Politics
President Barack Obama and Richard Cordray, center, visits with William Eason, Wednesday, Jan. 4, 2012, at his home in Cleveland, Ohio. (AP Photo/Haraz N. Ghanbari) President Barack Obama and Richard Cordray, center, visits with William Eason, Wednesday, Jan. 4, 2012, at his home in Cleveland, Ohio. (AP Photo/Haraz N. Ghanbari)  

Obama escalates appointments crisis, claims Cordray has full powers without Senate approval

Neil Munro
White House Correspondent

President Barack Obama today escalated his claimed power to appoint top officials by announcing that his financial-sector appointee also has authority that is legally reserved only for an official who has been confirmed by the Senate.

The 2010 law that established the Consumer Financial Protection Bureau includes a section that says many of the bureau’s new powers are to be held by the secretary of the Treasury “until the Director of the Bureau is confirmed by the Senate.”

Obam’s Jan. 3. claim to have appointed Cordray appears to violate the Constitution and is a grab for increased presidential power, say many constitutional lawyers.

But his new Jan. 6 claim about Cordray’s powers goes even further by contradicting the plain language of the 2010 law that created the bureau.

Section 1066 of the law says many of the bureau’s new powers are activated once the Senate confirms a director. Those extra powers include the authority to write regulations for non-bank firms, such as payday lenders.

Obama also said Friday that Cordray’s new authority include those powers.

“Now that Richard [Cordray] is your director, you can finally exercise the full power that this agency has been given to protect consumers under the law,” Obama said in a Dec. 6 visit to the CFPB. (RELATED: Full coverage of the Consumer Financial Protection Bureau)

“Now that he’s here, irresponsible debt collectors and payday lenders, independent mortgage services and loan providers, they’re all bound by the same rules as everyone else.”

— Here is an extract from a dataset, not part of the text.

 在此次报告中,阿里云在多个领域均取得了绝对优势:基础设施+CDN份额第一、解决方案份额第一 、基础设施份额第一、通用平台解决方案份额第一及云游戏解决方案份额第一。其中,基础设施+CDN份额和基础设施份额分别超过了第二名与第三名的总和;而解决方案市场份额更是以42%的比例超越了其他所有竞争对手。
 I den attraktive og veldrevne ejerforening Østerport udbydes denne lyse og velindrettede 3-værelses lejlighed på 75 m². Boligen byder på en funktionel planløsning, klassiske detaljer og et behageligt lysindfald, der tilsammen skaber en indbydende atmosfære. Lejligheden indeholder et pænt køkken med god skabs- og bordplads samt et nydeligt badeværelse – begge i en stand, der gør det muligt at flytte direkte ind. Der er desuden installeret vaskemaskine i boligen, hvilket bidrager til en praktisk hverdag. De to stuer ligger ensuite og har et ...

Obama’s declarations have “now escalated to arrogance on steroids,” said Roger Pilon, the founder and director of the Cato Institute’s constitutional studies center. Congress makes laws and the White House executes them, said Pilon, and Obama’s constitutional and legal claims “are a direct attack on the [Constitution’s] separation of powers principle.”

The Constitution, he said, curbs the president’s power by requiring him to win Senate approval for his top appointments. That, he said, “is a check on unbridled executive power.”

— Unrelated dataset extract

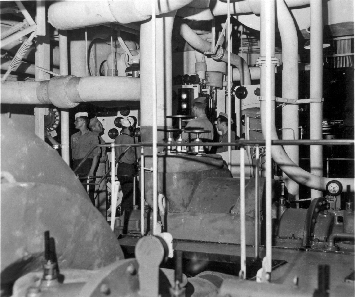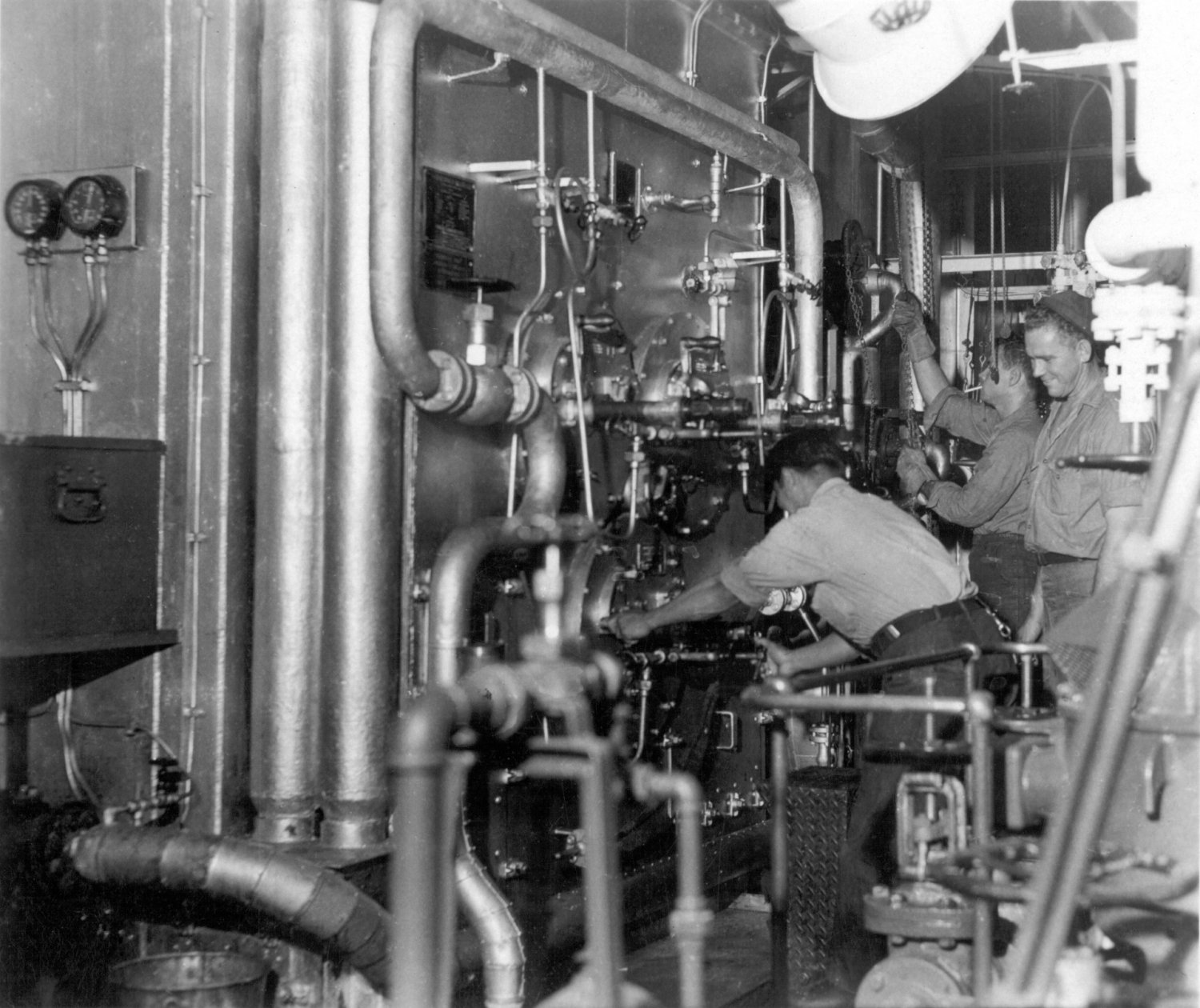 227k | USS Grafton (APA-109) engineering spaces, circa 1945-46. The officer in the engineroom photo is probably Ted de Vries. | Submitted by Dan Patterson for his father ENS. Dee Patterson USS Grafton | |||||||||||

White House officials declined to answer The Daily Caller’s question about Obama’s claim to have confirmed — and not just recess-appointed — Cordray.

Instead, a White House official reiterated the unchallenged fact that a person can serve as director of the bureau after a proper recess appointment.

“The CFPB’s authorizing statute does not limit the President’s ability to exercise his constitutional power to appoint a Director during a recess,” said a statement from White House spokesman Eric Schultz. “The CFPB statute, like other statutes, makes clear that the Director is a presidentially-appointed, Senate-confirmed position, but it does not preclude a recess-appointed Director from serving.

Schultz declined to address the question of whether Obama can declared Cordray to be confirmed.

In a break from routine, White House officials did not hold a press conference today. The next conference will likely be held in three days.

During former president George W. Bush’s term in office, liberals heavily criticized him for saying the presidency affords America’s chief executive the authority to direct the nation’s foreign affairs without the agreement of the Congress. These controversies revolved around the idea of a “unitary executive,” which progressives said was a power grab.

However, “here we’re dealing with domestic issues where the president has far less independent power than in foreign affairs,” said Pilon.

This controversy created by Obama’s decisions, he said, is “a constitutional problem right from the start.”